On the other hand, if for whatever reason the murderer wanted to repeat the course of events, reproducing exactly what had happened then, that meant there was a noticeable divergence in one crucial point – always assuming that they didn’t find the corpse in the lake next morning after all.

Joentaa rose abruptly. His own speculations, leading nowhere, were getting on his nerves, while Ruth and Kalevi Vehkasalo, in their pale green house in Halinen, couldn’t sleep for anxiety about their daughter.
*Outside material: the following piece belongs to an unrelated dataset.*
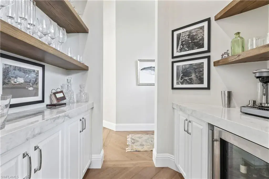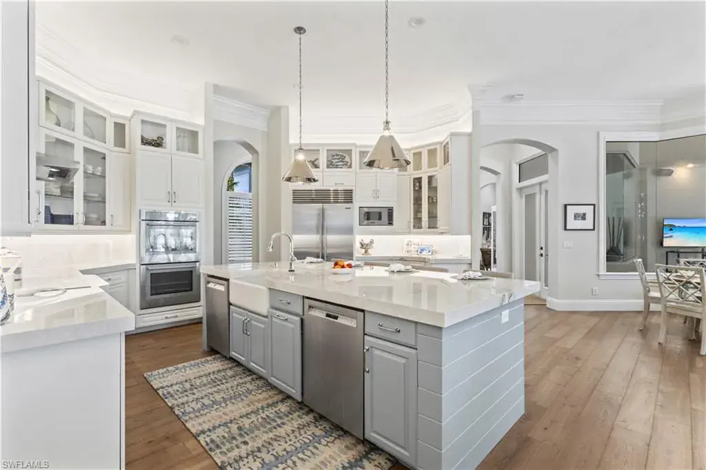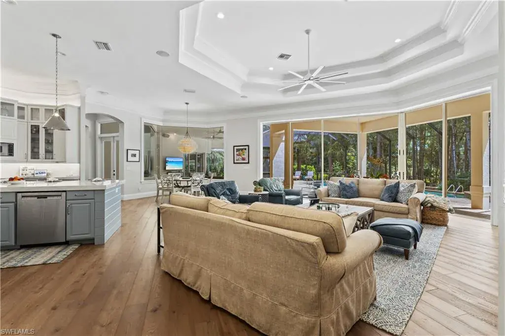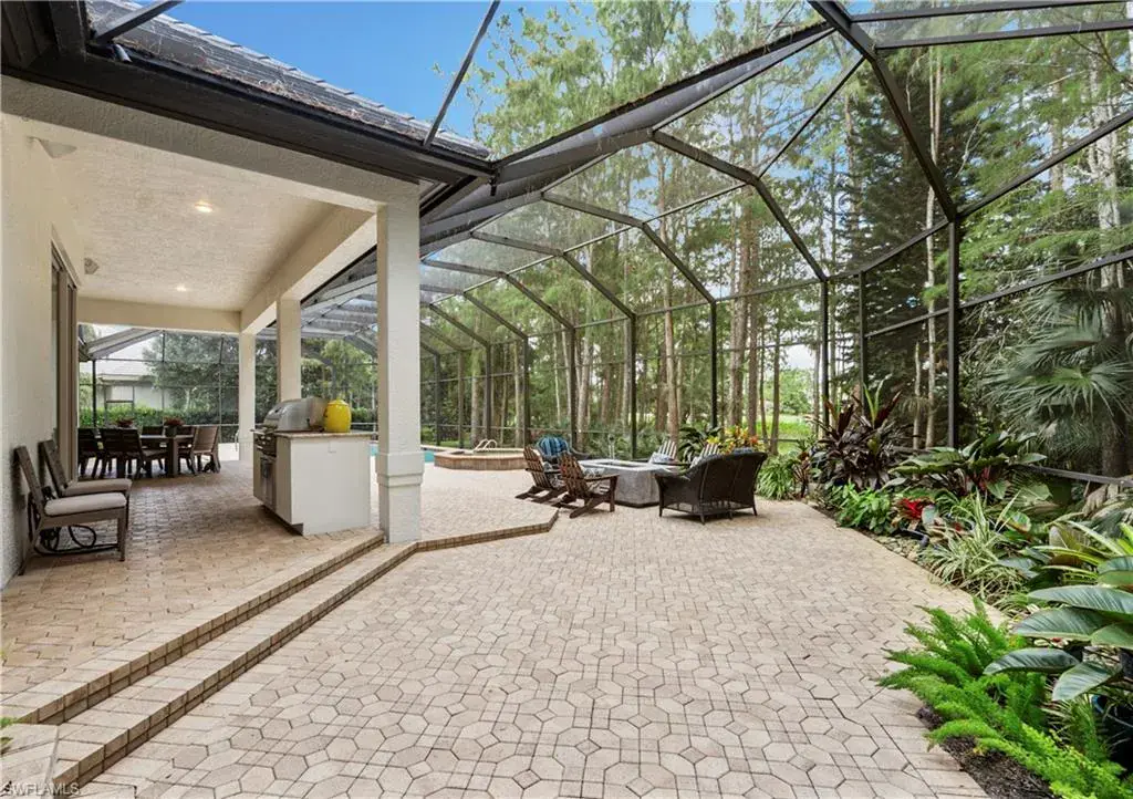 This completely reimagined estate spans over 6,000 square feet of redesigned living space, offering exceptional privacy with panoramic vistas stretching toward the picturesque 16th hole of the Pine Course—a setting that epitomizes the elegance and tranquility of Grey Oaks living. The floor plan features a spacious first-floor primary suite, three generous guest suites each with en-suite bathrooms, and a private office can flex to a comfortable guest room. An expansive upstairs loft serves as a separate living area perfect for extended family or visitors, giving them privacy and comfort. Culinary enthusiasts will appreciate the chef’s kitchen, elegantly redesigned with Quartzite countertops, an oversized island, Sub-Zero refrigerator/freezer, and Thermador appliances, dual Bosch dishwashers, and a porcelain farmhouse sink. Entertaining is effortless in the sophisticated passthrough bar, and dedicated wine storage and display. An expansive covered outdoor living area sets the stage for resort-style gatherings, offering both lounging and dining spaces along with a built-in gas grill. The oversized screened sundeck with a designer pool and spa invites relaxation in the warmth of the Florida sun, while lushly landscaped borders create a tranquil private oasis with long lake views framed by lush landscaping, towering cypress, and pine. Additional updates include a new roof in 2023 and updated air conditioning / systems for peace of mind. Residents of Grey Oaks Country Club enjoy an unparalleled lifestyle with 54 holes of championship golf, two clubhouses, multiple dining venues, tennis, pickleball, and bocce courts, a resort-style pool, and a 30,000-square-foot wellness center and spa. Perfectly situated in the heart of Naples, this residence offers quick access to downtown shopping, fine dining, and the world-renowned beaches of Naples. With a vibrant social calendar and a welcoming community, Grey Oaks offers the perfect blend of sophistication, recreation, and tranquility—making it a truly exceptional place to call home.

He turned away from the lake beyond the window, and his eye fell on the two photographs on the bookshelves. They had always stood there, ever since he and Sanna moved in. In the weeks after Sanna’s death Joentaa had removed them, then put them back in their old place a little later.

Standing in front of them, he looked closely at the photos. One was of Sanna as a small child; the date on the back showed that she had been two years old at the time. Sanna had just knocked a biscuit out of her mother Merja’s hand and the biscuit was flying through the air towards the camera. Merja’s mouth was wide open and Sanna was looking really furious, probably because her mother had told her she couldn’t eat the biscuit without giving her, Merja, a bite. Jussi, Sanna’s father, must have jumped just as he was taking the photo, because the picture was slightly blurred. A wonderful picture. Kimmo felt a smile spreading over his face.